Before starting

In homework 1, you wrote a classifier that conformed to the LASSO API. We'll see now how conforming to an API allows us to tap into other resources. If you did not make any violations of the API, the next few steps should be easy.

What we are going to do is remove the learner wrapper, and turn our programs into Web Services. We're going to utilize SOAP to help us with this. You do not need to know anything about web services or SOAP to proceed. We will be using the AXIS SOAP Implementation for Java and the gSOAP implementation for C++. Download the plug-in code here here (Java) (C++) Please use ONLY these libraries, as there are some bugs in AXIS which I have fixed, and without these changes in the custom version, you will have problems.

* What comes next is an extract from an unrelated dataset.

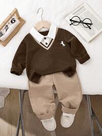 PipplinSHEIN 2 pièces/Set sweat-shirt à manches longues et pantalon de jogging pour tout-petits/bébés garçons/filles, automne/hiver. Tenue de base confortable et décontractée, style sportif. Convient pour l'intérieur, l'extérieur, le quotidien, les sports, les jeux, les fêtes, les séances photo, les vacances, les festivals, les survêtements, le streetwear, la rentrée scolaire #1 BEST-SELLERS

Important: This code has only been tested on Solaris (cse), Linux and MacOS X. It may work on Windows, but I have not personally tested this.

Important #2: It is probably best to run this on a cse machine, because issues such as firewalls and/or slow connection speeds may cause problems for you.

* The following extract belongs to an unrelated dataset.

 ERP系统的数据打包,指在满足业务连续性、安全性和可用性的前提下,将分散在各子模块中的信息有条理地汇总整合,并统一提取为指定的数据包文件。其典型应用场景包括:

Important #3: Test your code first on the command line. Use LearnerWrapper, run simple sanity checks, etc. It is MUCH easier to debug on the command line than in the web service.

Important #4: Don't bang your head against the wall for hours on plugging-in issues. This process really should not be time-intensive. A simple e-mail to the TA or coming in during office hours for five minutes might save you hours if you're stuck!

Important #5: I tested several of your ID3 algorithms. Unfortunately, several of them tend to have severe memory problems when the number of examples and dimension increases (2000 x 64). Namely, your programs completely blow away the JVM (if you're using java). This causes your program to crash. If you have questions about this, please see me.

Plugging In

Java C++

Registration:

  1. Go to LASSO. Click on Register in the upper right. Fill out the form to get an account.
  2. After you have an account, log into the system (log in is on the left hand side).
  3. After logging in, you will be on the Main Menu. Choose Component Manager.
  4. Click "Add" next to Learner.
  5. Type in the name of your learner, and its service URL (as described above). You only need to do this once, even if you change your program and kill and restart your web service.
  6. After saving, go back to component manager and click "Add" next to Classifier. Choose the Learner you registered. Next to "dataformat in" choose "CSVData". For "dataformat out", choose "Labeled Data". You should create a new classifier for each learning task.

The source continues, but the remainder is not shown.